Serious business

‘Round these parts, Christian churches of every stripe still sport roadside signs with changeable lettering, offering challenges to passers-by that are often corny but now and then actually inspiring.  The one I spied yesterday gave me a handle on thinking about doing business in these questionable times.

“The serious business of heaven,” it said, “is joy.”

This remarkable statement points to several things.  For one thing, grounded as we are in material greed, we seldom think of serious business and joy as having any relation at all.  These human experiences exist poles apart in our accustomed perspective.  For another, the statement suggests that heaven is involved in a continuing purpose, and not simply out there gloating.  And most importantly, the idea opens up to us the possibility that, like heaven, we can make joy our own serious business.

Possibly, this is the change we are beginning to realize.  Maybe the economic deflation can help us to reorient our purposes.  What if, as you go through your work day, you take the creation and realization of joy as your sole inspiration?  What if we learn to measure success by the quality of our emotions?  What if the richest person is the one who spreads the most joy?

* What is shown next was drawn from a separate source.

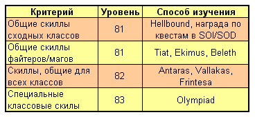 Введены новые скиллы. Новые скиллы изучаются на 81 уровне и выше (приведены названия 2х профессий, подразумеваются соответствующие третьи).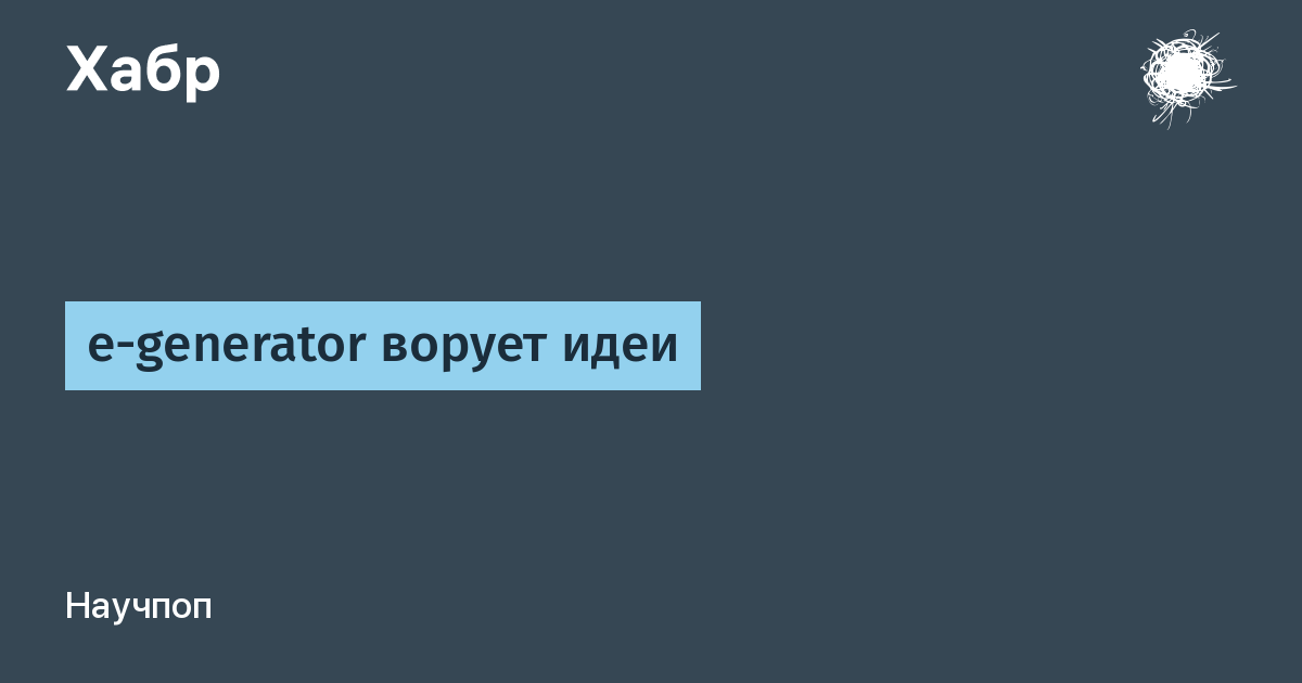 Восьмого июля на хабре я опубликовал пост с ссылкой для обсуждения моего проекта «Linkod – альтернатива интернет-ссылкам в СМИ». В тот же день на сайте e-generator.ru в рубрике «креатив» (а так же на сайте b-generator.ru который называется Венчурная фабрика) появилась запись «Интерактивная литература: идея для книгоиздателей» которая начинается со слов «Эксперт компании E-generator.ru acierto предлагает идею…» и далее идет описание моей идеи хоть и стараясь придать новизну. Я конечно возмутился и написал об этом в их форуме После этого со мной связался тот самый (а точнее самая) «Эксперт компании E-generator.ru acierto» которую зовут Ольгой и которая заявила что ее идея была другая и поступила она в базу идей e-generator две недели назад, а восьмого июля текст был изменен администрацией e-generator и размещен на сайте. После этого я конечно не имею к ней никаких претензий. Но у меня есть серьезные претензии к администрации e-generator которая в лице zashibis заявила «Ваша идея не уникальна, т.к. пришла в голову десятку наших авторов».

Of course, changing to a new standard is a complex thing.  We’ve been so oppressed by the almighty dollar that most of us seldom experience natural joy.  We may be hard pressed to define it.  We may mistakenly think that material abundance equals joy, because we’ve never ventured beyond our lust and cravings.  To move to a standard of joy is to undertake a vision quest, to commit to nothing less than perfection.

So the question becomes, how can I find my joy?  Where do I look, and how do I recognize it?  How do I pay the bills if my focus is on joy and not on money?  These are certainly practical considerations, and I intend to study them here over the next few weeks.  My writings are often heavily philosophical, and it’s likely that readers seek more specificity.  I know I do.  The bigger picture always comes clear to me far before the details emerge; but plans mean nothing unless they’re implemented.  So I invite you to tag along with me as we ferret out the means by which we can re-invent the meaning of commerce in our turbulent world.